Ryzen system, occasional lockups still in 2018?

asheshambasta · 03-31-2020, 10:12 AM

True for both. I'm beginning to regret falling for the Threadripper brandname. I'm now stuck with a very expensive desktop system that needs to be hacked to run normally, not to forget that there are other people reporting that disabling C6 in the BIOS may or may not fix the issue completely. There are other microcode related bugs floating around and AMD is not even close to fixing them, or even admit to these issues so they can be addressed (for example the rdrand bug that was patched last year or so: https://arstechnica.com/gadgets/2019...ed-my-weekend/)

It turns out that my processor was also affected by this at the time of buying, but a BIOS update patched the problem. So now I'm no longer experiencing issues because of this bug but because of something else. Who knows how many more of these issues I will need to fix before this system becomes reliable, if at all?

There is a really expensive lesson to be learnt here for me: stay away from the new hardware and put in months of research before investments in hardware this big.

I since also replied to the AMD support email making it clear to them that their advice cannot really be termed a fix, let alone not even an acceptable response to a customer spending a good chunk of money on their product. I'll keep posting here how this progresses.

At this time, I'd happily trade the horsepower of my Threadripper system for stability.

bassmadrigal · 03-31-2020, 10:37 AM

Quote:

Originally Posted by asheshambasta

So AMD was decently prompt in responding to my support request but far from helpful. Their fix to this issue is to disable C6 in your BIOS. This is 2020, and a high end processor that costs close to $1000 (at the time of buying), and the vendor advises to disable power management to make a system as expensive behave acceptably.
Needless to say, at this point I'm desperate enough to try anything to make the desktop work decently, so I'll take their advice.
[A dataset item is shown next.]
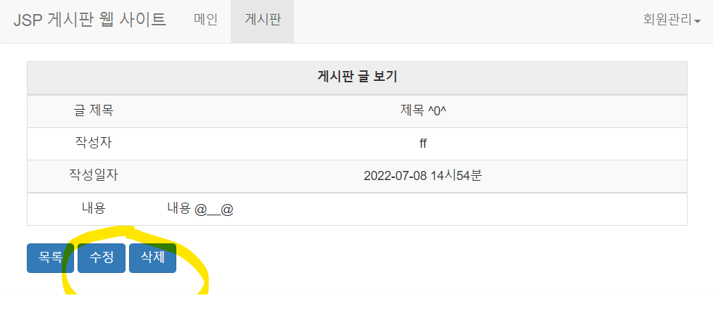 로그인 한 상태에서 게시글을 쓴 ID와 동일하면 수정 및 삭제 버튼이 보인다.

But I'm keeping away from AMD for the time being for all new hardware investment for the foreseeable future.

I would highly recommend trying the rcu-nocbs kernel option on your CPU. It has completely solved my lockups for over 2 years. I used to get them every few days or maybe 1-2 weeks max, and since adding it, I've had my computer running for over 90 days before a power outage forced me to shut it down.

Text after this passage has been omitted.